Malberg gardait le silence.
- Et où se trouve Paolo maintenant ? s'enquit Barbieri.
- Je ne sais pas, répondit Caterina. Il m'a tout raconté au téléphone. Il avait l'impression d'être suivi. Il valait mieux qu'il disparaisse provisoirement de la circulation. Lukas ! Paolo veut absolument te parler. Je sais que ce n'est pas facile pour toi, mais il faut que tu lui pardonnes !
Les paroles de Caterina mirent Malberg dans une rage folle.
- Mais bien sûr ! Le délicieux petit frère en a de bonnes, c'est tellement simple : « Excuse-moi, je ne recommencerai plus. » Merci, mais je me débrouille très bien tout seul.

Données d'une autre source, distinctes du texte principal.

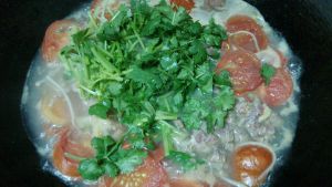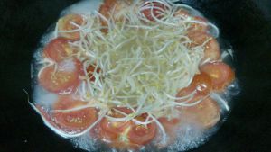 水开后放入番茄滚3分钟,然后加入豆芽煮两分钟。

Je peux me passer de l'aide d'un petit délinquant véreux.
Malberg froissa le bout de papier qu'il lança avec mépris dans un coin de la pièce.
Il avait les nerfs à vif. L'horrible visage de Gueule-brûlée surgit soudain devant lui. Cela commençait à faire trop.
- Tu es fou ou quoi ? s'énerva Barbieri en ramassant la boule de papier. Paolo est peut-être en mesure de nous aider ! Où peut-on le joindre ? demanda-t-il en se tournant vers Caterina.
Elle secoua la tête :
- Il n'a même pas fait une allusion à l'endroit où il se trouve actuellement. Je crois qu'il avait peur. Mais il a dit qu'il m'appellerait dans les prochains jours.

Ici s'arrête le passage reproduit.